**** ENTRIES SUPPLIED ****

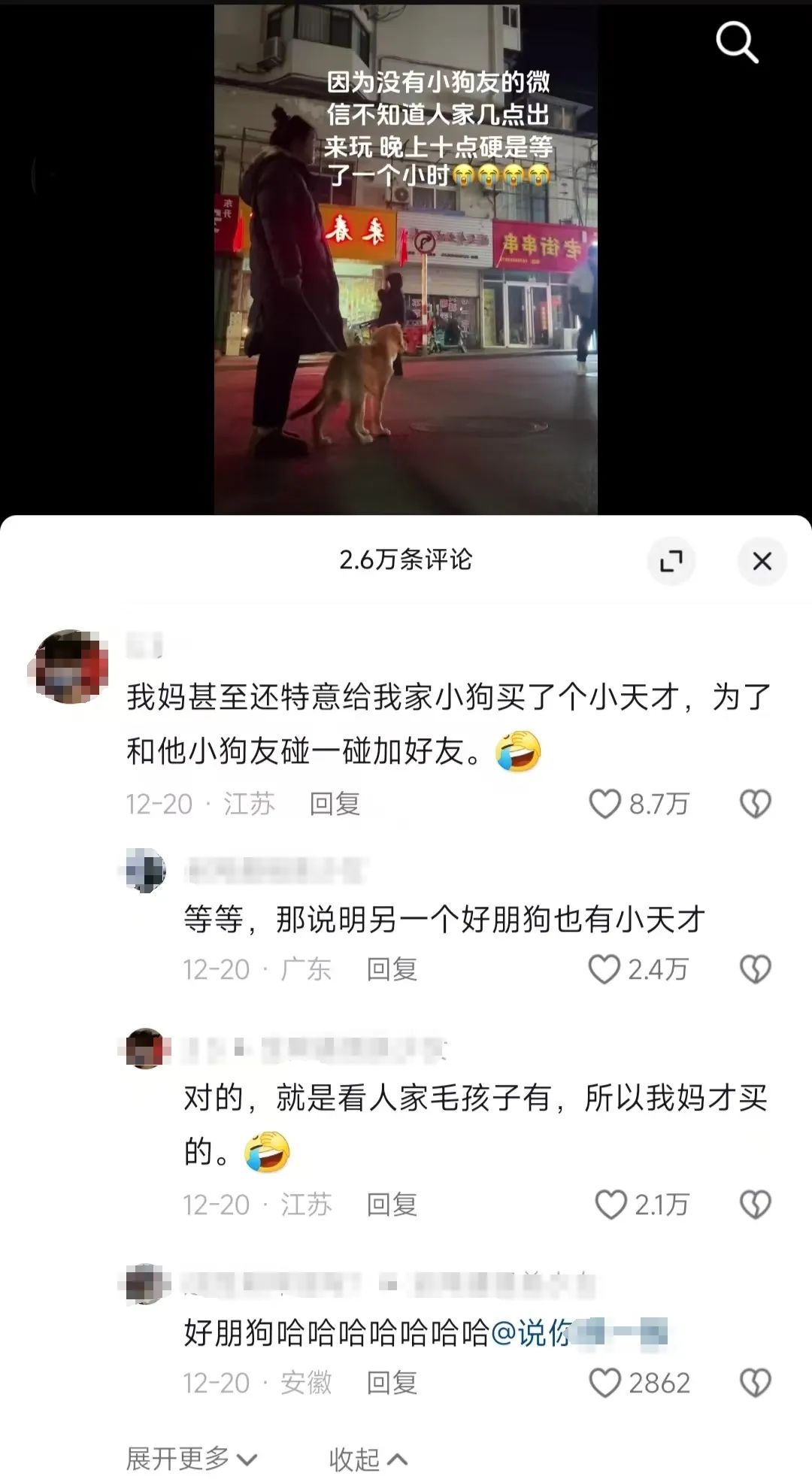 其中,很多还真的有后续,让整个事件成了连续剧:再出现在镜头面前时,它们的腿上或胸前已经多出了一块手表,搭配的是主人口吻的回应:“还好只是要个电话手表,要套房子妈妈真的买不起的,以后网上的东西少看一点好吗,我们只是普通人家的小狗,知道吗宝宝?”
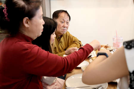Chinese family traditional wearing clothes performing a tea ceremony in a decorated tea room
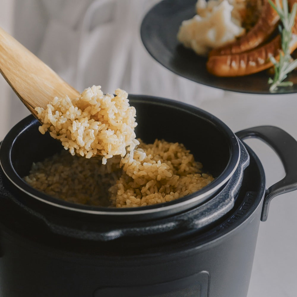 炊飯器で炊くと硬くパサつきがちになる玄米もRe・De Potを使えば、水分を逃さずに弾力のあるもちもちした食感に炊き上がります。
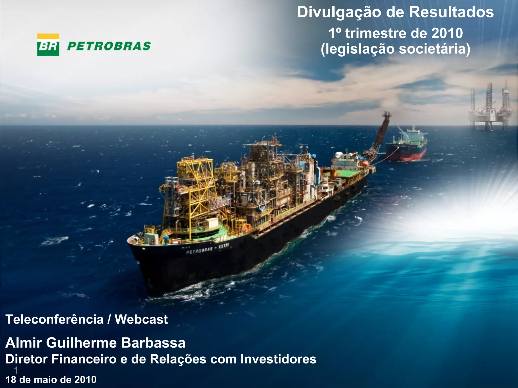 DESTAQUES: Principais acontecimentos no1T10 o EBITDA atinge R$ 15,1 bilhões crescendo 5% no comparativo 1T10 vs 4T09. Lucro Líquido aumentou 4% em relação ao 4T09, alcançando R$ 7,7 bilhões o Crescimento na produção com recorde diário de 2.084 mil bpd em abril o Investimentos no trimestre totalizaram R$ 17.753 milhões o Início do Teste de Longa Duração das áreas de Tiro e Sídon, na Bacia de Santos (03/2010) o Descoberta de petróleo no pós-sal e pré-sal no campo de Barracuda (Bacia de Campos - 02/2010) e de óleo leve no campo de Piranema (Bacia de Sergipe - 03/2010) o Aprovação pelo Conselho de Administração de faixa de CAPEX para o Plano de Negócios 2010-2014 de US$ 200-220 bilhões (03/2010) e do processo de capitalização da Companhia até julho/2010 3
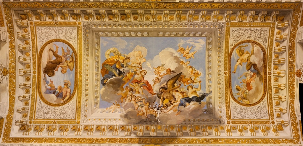 #Buongiorno dal Salone di#GiovannidaSanGiovanni al#TesorodeiGranduchi. Qui il pittore toscano affrescò l'allegoria dell'unione delle casate Medici e Della Rovere, avvenuta con le nozze di Ferdinando e Vittoria nel 1637#PalazzoPitti apre alle 13.30. Prenotazione nei weekendpic.twitter.com/8VyZ68Od1i
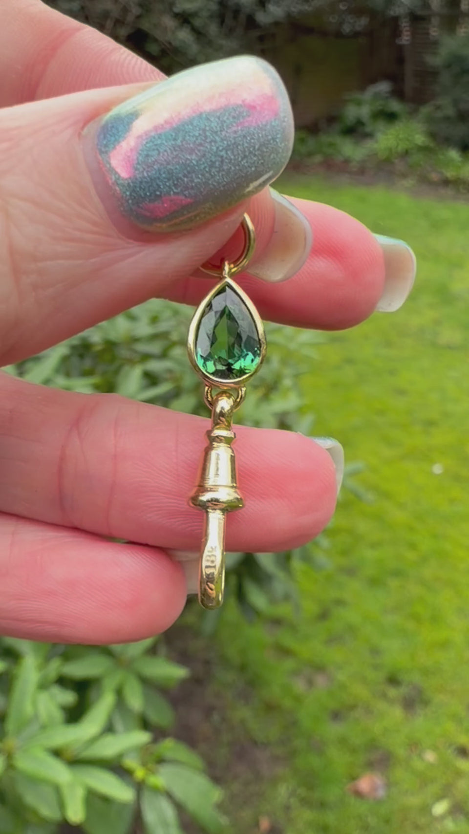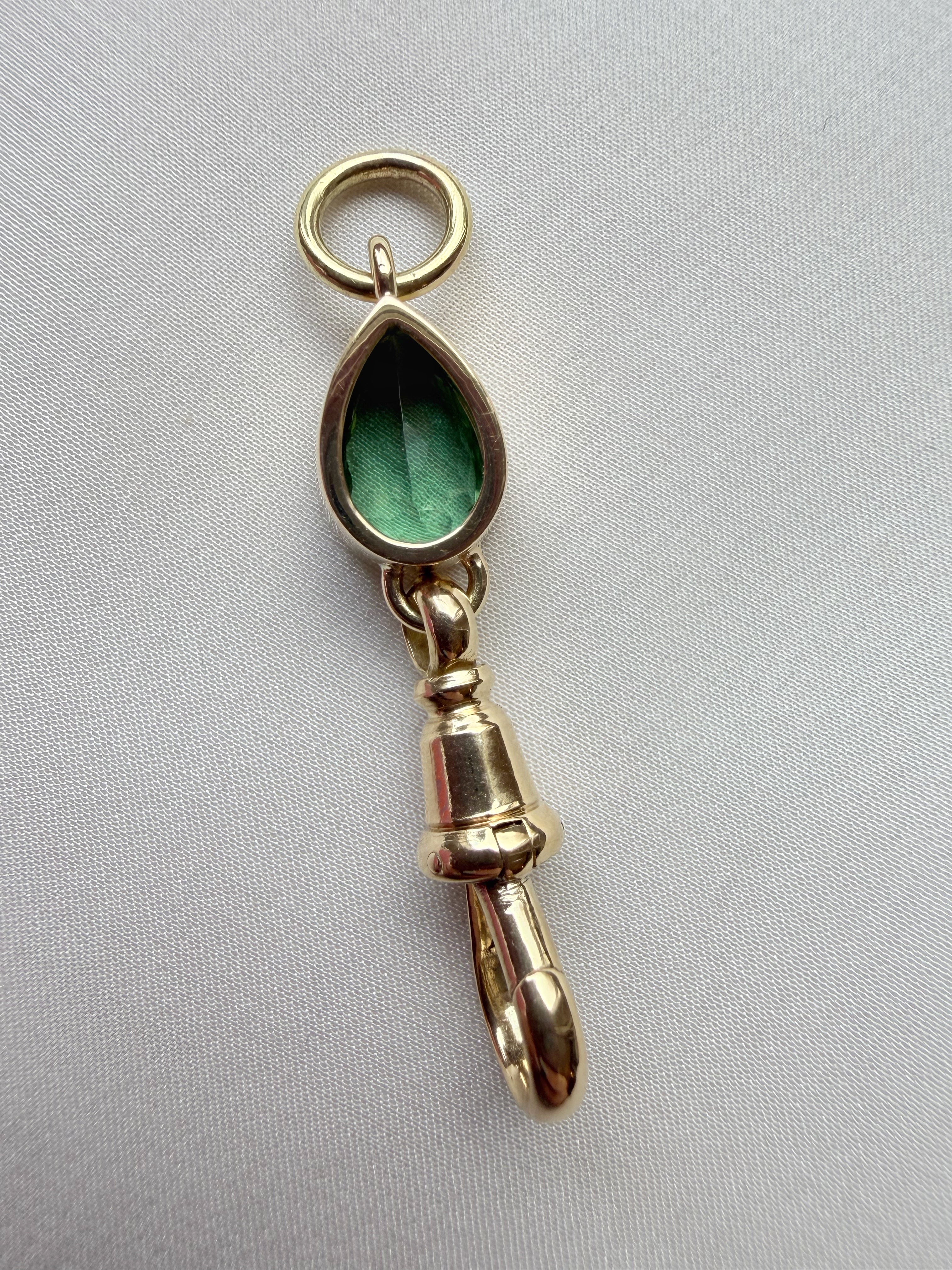 Antique Dog Clasp | Teal Pear Tourmaline | 18ct Yellow Gold
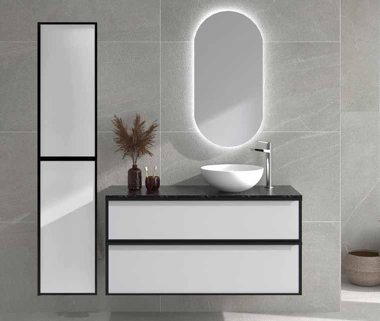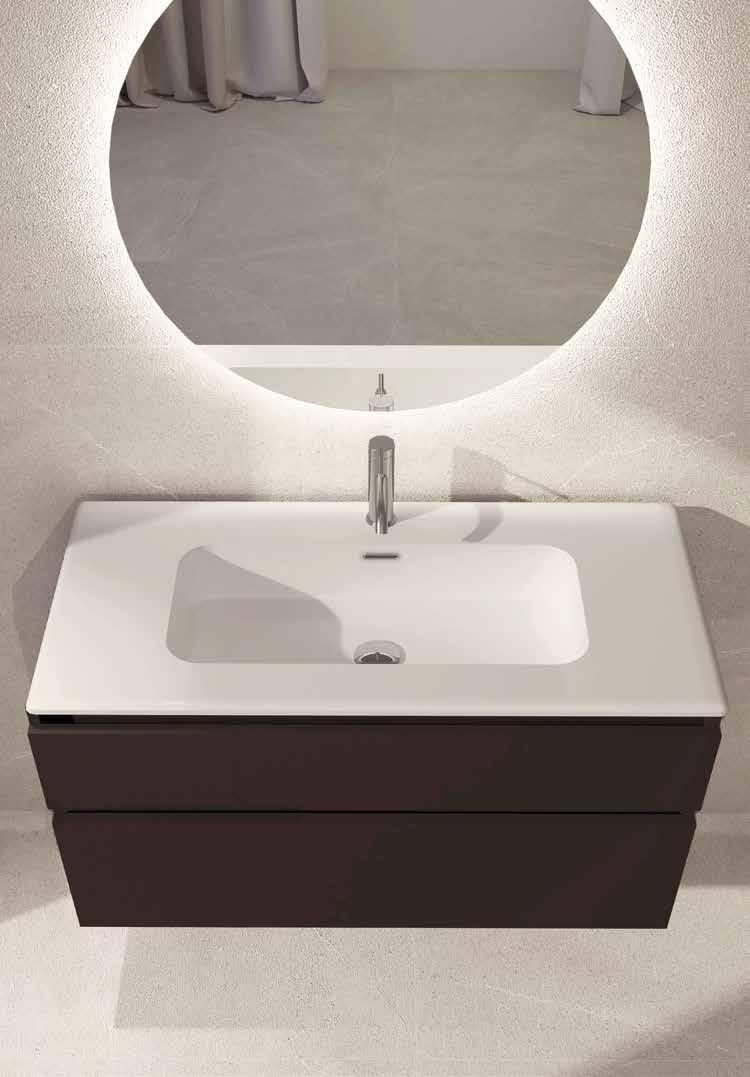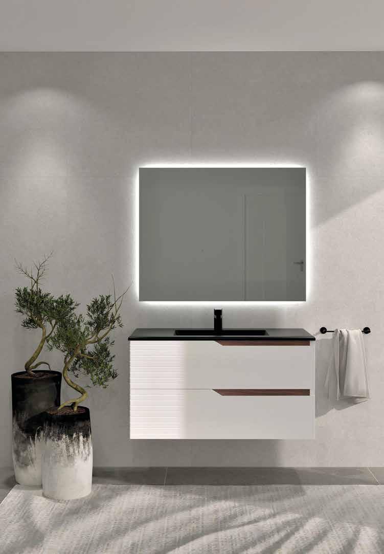 Combinação composta por um móvel DONNA de 100 cm na cor bianco mate. Lavatório preto em porcelana
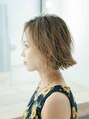プツンッとした切りっぱなしのラインに表面に少しレイヤーを入れることで動きのあるボブに。根本はあえて黒く残すことで全体に馴染みやすく毛先にかけて明るさをだし重すぎないヘアースタイルに。前髪があっても可愛いこと間違いなし。
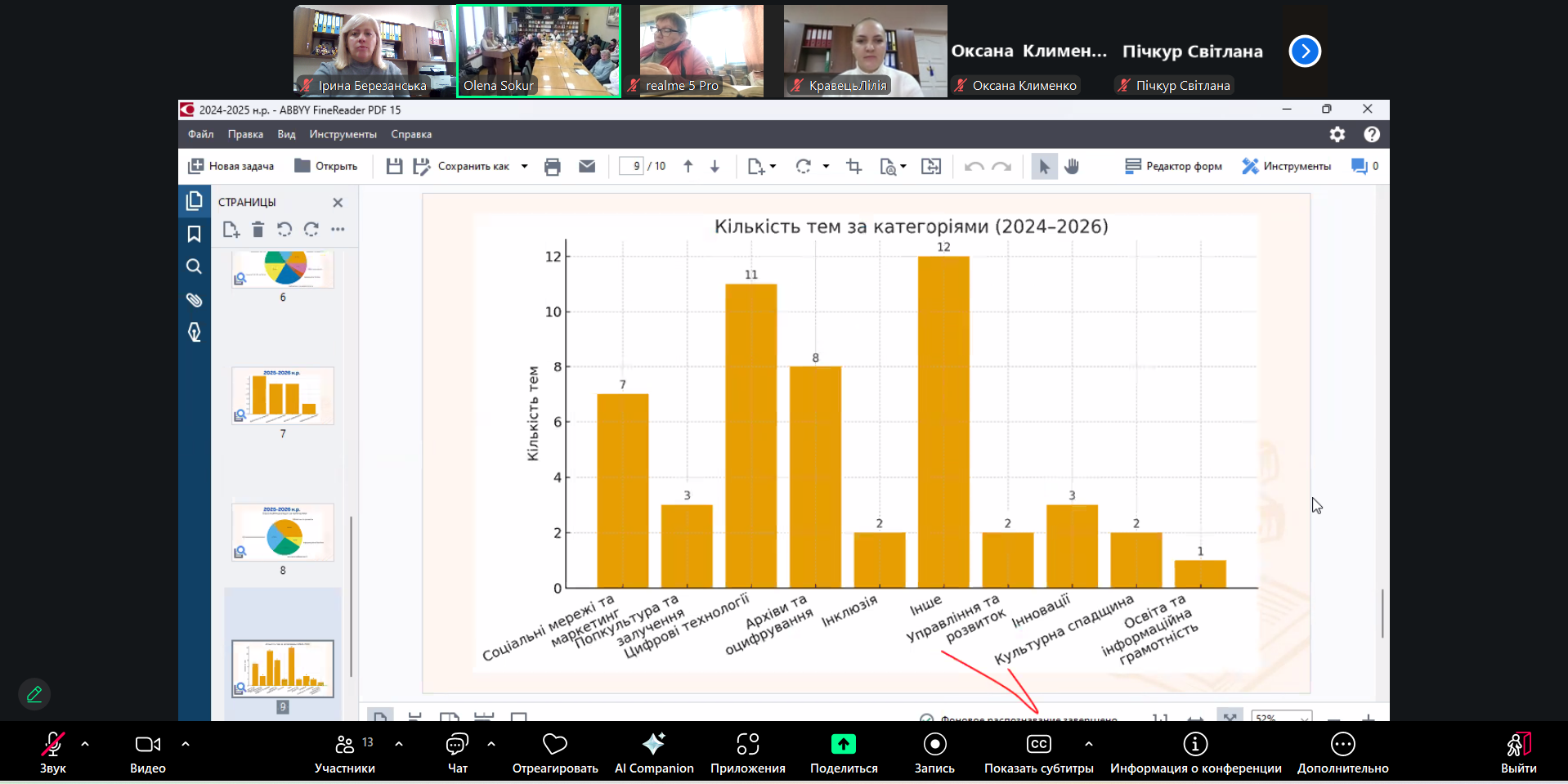 Одинадцяті бібліотекознавчі студії стали важливою платформою для фахової дискусії щодо історії та сучасного стану українського бібліотекознавства, ролі наукових бібліотек у збереженні документної спадщини, розвитку інформаційних ресурсів і впровадження інновацій у цифрову епоху. Учасники заходу приділили особливу увагу трансформації бібліотек в умовах цифровізації, коли вони постають як ключові освітні, наукові та культурні центри.

****

• WHAT TO WORK ON
Hand back the exact lines from the start of the entries to the line with "炊飯器で炊くと硬くパサつきが", both ends kept and pictures left out.

• RESPONSE FOR THIS EXERCISE
 其中,很多还真的有后续,让整个事件成了连续剧:再出现在镜头面前时,它们的腿上或胸前已经多出了一块手表,搭配的是主人口吻的回应:“还好只是要个电话手表,要套房子妈妈真的买不起的,以后网上的东西少看一点好吗,我们只是普通人家的小狗,知道吗宝宝?”
Chinese family traditional wearing clothes performing a tea ceremony in a decorated tea room
 炊飯器で炊くと硬くパサつきがちになる玄米もRe・De Potを使えば、水分を逃さずに弾力のあるもちもちした食感に炊き上がります。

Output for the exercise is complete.